3. Regulação gênica por heterocromatização:
A heterocromatina da interfase tem algum papel específico na regulação gênica. Por exemplo, a síntese de proteínas é muito menor em seres humanos onde as células do sangue contêm grandes massas de heterocromatina condensada, enquanto que nas células brancas do sangue, a síntese de proteínas é muito menor devido à falta de heterocromatina condensada.

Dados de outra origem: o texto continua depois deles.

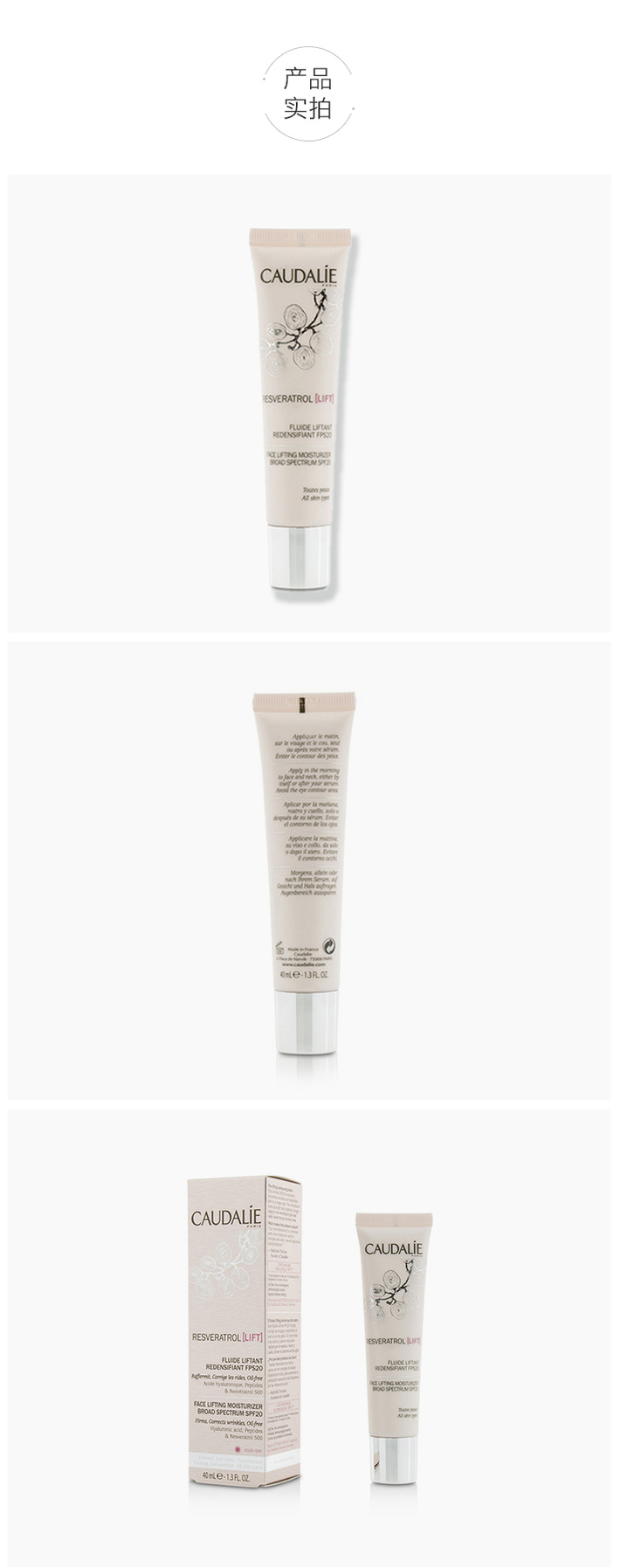 【法国直邮】 欧缇丽 Caudalie 白黎芦醇防晒乳 SPF 20 保湿滋润防晒 紧致 瑕疵 40ml

III Controle de Diferenciação ao nível da tradução:
A mensagem transportada pelo mRNA tem de ser descodificada e os aminoácidos necessários devem ser recolhidos para formar as várias proteínas. Isso envolve várias etapas para que sempre haja a possibilidade de vários controles existirem em cada nível.

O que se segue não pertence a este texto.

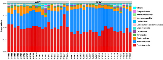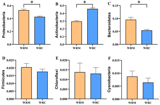 The bacterial composition at the phylum level is shown in Figure 4. The phylum-level composition of the predominant bacteria in both the WRM and WRC groups was similar, primarily consisting of Proteobacteria, Actinobacteria, and Bacteroidetes, together accounting for over 80% of the total bacteria. However, differences were observed in the relative abundance of these dominant phyla between the two groups. For example, Proteobacteria (52.91%) was the most prevalent phylum in the WRM group, while Actinobacteria (45.75%) exhibited the highest relative abundance in the WRC group. In particular, the differential analysis of the top six dominant bacteria revealed that the relative abundance of Proteobacteria and Bacteroidetes in the WRM group was significantly higher than that in the WRC group (p < 0.05; Figure 5A,C). Conversely, the relative abundance of Actinobacteria was markedly lower than that in the WRC group (p < 0.05; Figure 5B). Furthermore, there was no significant difference in the relative abundance of Firmicutes, Chloroflexi, and Cyanobacteria between the two groups (p > 0.05; Figure 5D–F).

Os mecanismos reguladores importantes que existem no nível da tradução são os seguintes:
1. Movimento do mRNA do núcleo ao citoplasma:
É possível que todo o mRNA que sai do núcleo não atinja o citoplasma. Pode haver perda de bits de mRNA, o que significa que a tradução pode não estar correta. Se algum mRNA for impedido de atingir o citoplasma, a tradução também poderá ser diferente.
2. Retenção de degradação do mRNA dentro do núcleo:
O mRNA pode ser passado para o citoplasma ou pode ser degradado ou degradado devido a vários fatores. A degradação pode ocorrer em algumas porções das cadeias de mRNA, provocando uma tradução diferencial.
3. Mascaramento de mRNA:
Uma vez que o mRNA é mascarado, a tradução não é possível. Mascarar requer o trabalho de outro agente para agir. O mascaramento pode não ser completo, mas parcial, provocando diferenças na tradução.

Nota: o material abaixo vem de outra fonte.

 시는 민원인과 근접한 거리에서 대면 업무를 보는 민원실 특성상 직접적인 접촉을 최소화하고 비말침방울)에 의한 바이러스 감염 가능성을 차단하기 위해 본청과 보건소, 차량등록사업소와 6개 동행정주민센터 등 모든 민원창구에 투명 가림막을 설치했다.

4. Efeito de moléculas reguladoras específicas no mRNA:
Certas moléculas reguladoras presentes no citoplasma podem se associar ao mRNA e, assim, impedir que o mRNA desempenhe seu papel na tradução. A associação pode ser parcial ou completa.
5. Destruição do mRNA:
Às vezes, o mRNA pode atingir os ribossomos intactos, mas pode ser destruído devido a certas forças que podem existir. Isso impede ou altera o trabalho de tradução, trazendo assim diferenciação.
6. Inactivação Ribossómica:
Os ribossomas que normalmente desempenham um papel importante na síntese de proteínas podem ser inactivados de modo a que a proteína particular não possa ser formada. Depois de algum tempo, o ribossomo também pode ser ativado. Esse fenômeno provoca interrupções temporárias na tradução.
7. Alterações no enrolamento de cadeias polipeptídicas nascentes:
Durante a síntese de proteínas, as cadeias polipeptídicas formam o precursor das proteínas. Isso acontece dobrando. Qualquer alteração no padrão de dobramento pode alterar a estrutura e trazer diferenciação.
8. Alteração trazida nos fatores que influenciam a síntese protéica:
Muitos fatores, como hormônios, enzimas, etc., provocam diferenciação influenciando o caminho da síntese de proteínas. Hormônios são encontrados para ser muito eficazes nesse sentido, e eles trazem essas mudanças através de diferentes caminhos.
Eles podem atuar como depressores de genes. Quando uma injeção de hidrocortisona foi administrada a ratos, a taxa de síntese de RNA aumentou no fígado. Da mesma forma, se os estrogênios são injetados, o endométrio uterino mostra grande atividade. Percebe-se que a cortisona estimula a secreção das quatro enzimas: triptofano pirrolase, tirosina transaminase, glutâmica alanina transaminase e arginase. Os hormônios também podem influenciar a atividade enzimática no nível da tradução. Os hormônios afetam a atividade dos genes cromossômicos localizando-se no núcleo. Os hormônios são mais específicos de órgãos do que genes específicos.